Breaking down in tears, Begum says that the following month her daughter died – she doesn’t know what the cause of death for either child was.
Begum says: ‘When she died it was so hard because I just felt so alone and I felt like my entire world was falling apart in front of me and I couldn’t’ do anything
‘I felt like it was my fault for not getting them out sooner.
‘When she died at that moment I just wanted to kill myself. I felt like I couldn’t even get up to run any more when there were bombings.
‘The only thing keeping me alive was my baby I was pregnant with. I felt like I had to do him right by getting him out and giving him a normal life’.
Tragedy struck again when her third child died months later and Begum stayed up all night with his body because she didn’t want to be apart from him.
She says: ‘He was my last hope, he was the only thing keeping me alive. I didn’t know how. That day I just cried for all my children. I cried for all of them. No-one could help me, no-one could do anything’.
Another heartbreaking episode was breaking the news to Kadiza Sultana’s mother that she had been killed in an airstrike.
Begum says that Sultana’s mother demanded to see a picture and didn’t believe it but ‘there was no way of showing a picture because her body was in pieces’.
She says: ‘When Amira (Abase) was killed I felt like I have no friends any more because they were everything I had and I’d known them for half my life and now I feel lost and now I don’t know who I am anymore without them.
Begum says she knew she had to flee ISIS when she realized she ‘can’t leave’.
She realized that the Islamic State was all about ‘trapping people’ and that if she tried to leave she would be tortured and treated like a spy.

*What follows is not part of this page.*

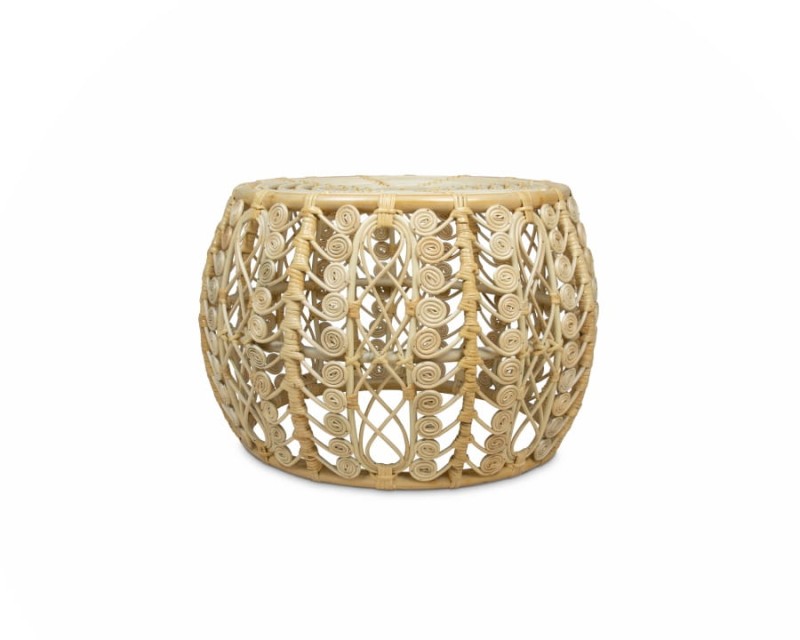 Okrągły stolik kawowy wykonany ręcznie z rattanu. Jego ozdobne boki sprawią, że będzie niezwykle dekoracyjnym i przyciągającym wzrok elementem wyposażenia wnętrza.
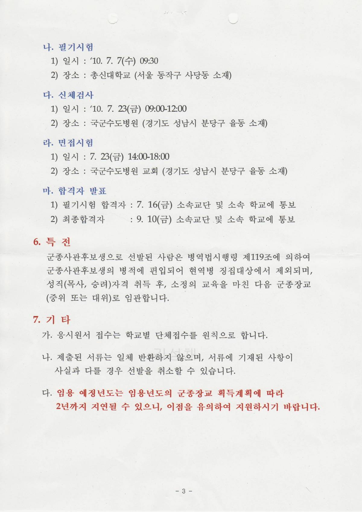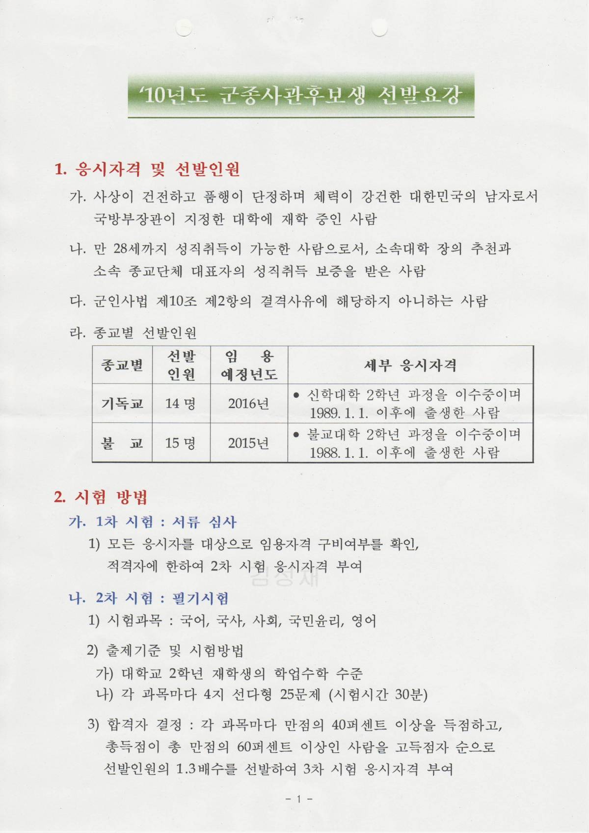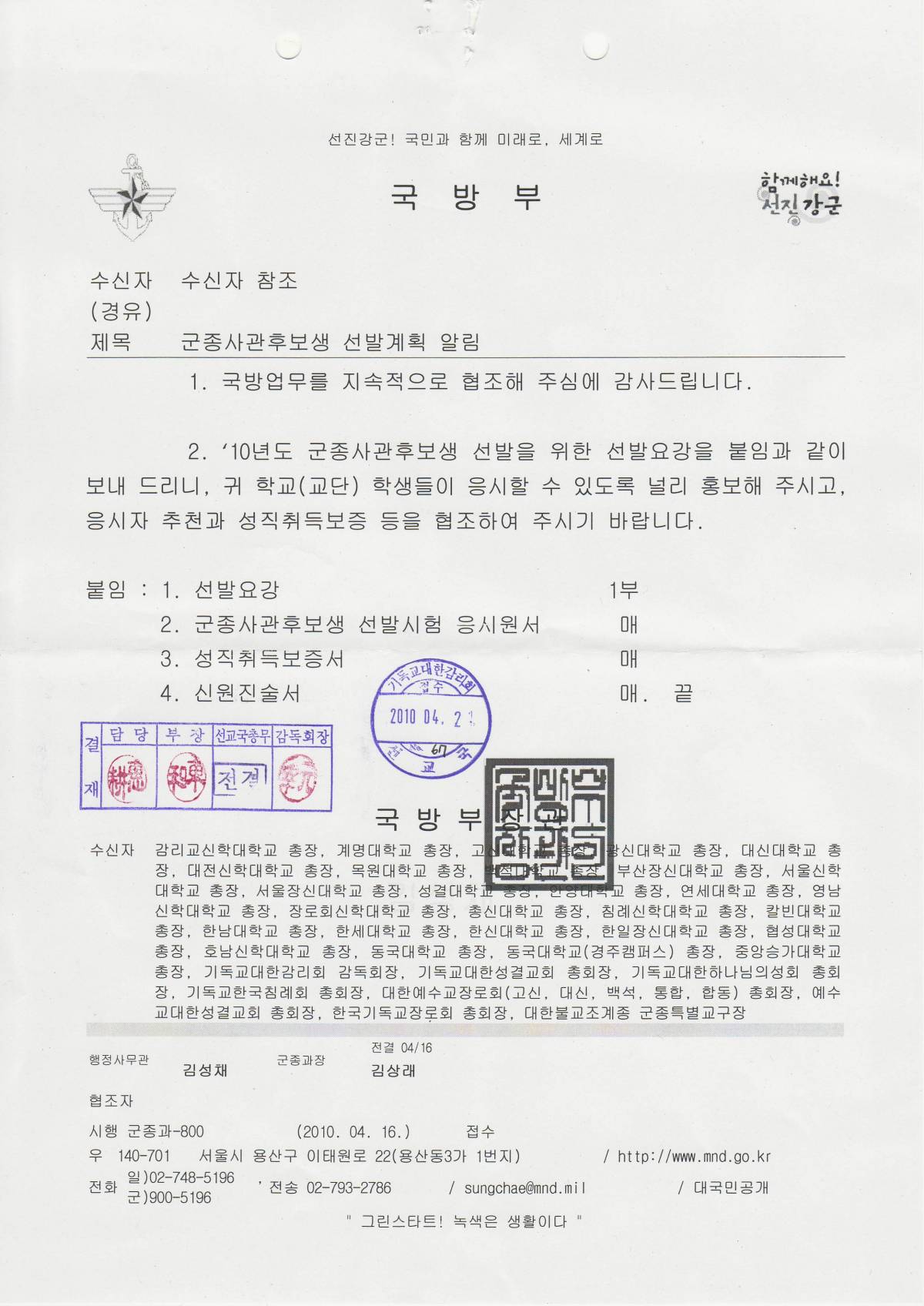 2010년도 군종사관후보생 선발계획이 발표되었습니다. 자세한 내용은 파일로 확인하시기 바랍니다. 공문이 4장인 관계로 선발계획 1, 2로 나누어 올립니다. 필요한 서류는 해당 학교에서 받으시면 됩니다. 선교국으로제출하는 서류에는 선교자료실(국내선교부)에 있는 군종사관후보생 선교국 제출서류를 다운받아서 사용하시기 바랍니다.

Pointing out the hypocrisy of the Islamic State, Begum claimed that she was told even if she didn’t like there she should ‘just stay and look good for the videos’
In a moment of levity during the documentary Begum is asked by another of the Western ISIS brides what she would do first when she got back to the UK.
Laughing, she says: ‘Eat a nice big Subway, a foot long with meatballs. Just leave me with it’.
One piece of good news Begum has received is that the husband of her children is alive and that she got a letter from him last summer through the Red Cross.
She says: ‘He was telling me he’s in a good place, he has good friends, he’s trying to be patient. He said happy birthday to me, told me to stay strong, be around good women and to have patience’.
The film was directed by Spanish filmmaker Alba Sotorra Clua who said in an interview with womenandhollywood.com she was drawn to the subject because she saw the ‘human face’ of the suffering behind ISIS.
She said: ‘This is a film about dialogue, understanding, and forgiveness as a way for peace that challenges the viewer to listen without judging.
‘I hope the audience, after watching this film, will change their perspective on what is the responsibility of our governments regarding thousands of women and children in detention camps in Northeastern Syria for more than two year’.
Clua said that the crew were all female and that the first days of filming were ‘tense’ because the team didn’t want to share food or tea with the ISIS women they were filming.
Some even ‘feared that the food could be poisoned’ and were ‘incredulous’ with what the women were claiming to them.
The ISIS women didn’t trust the filmmakers at the beginning either but over time the ‘walls of fear and pain fell to make room for an honest dialogue’, Clua said.
The film was in part funded by Sky TV which will show it in the UK later this year.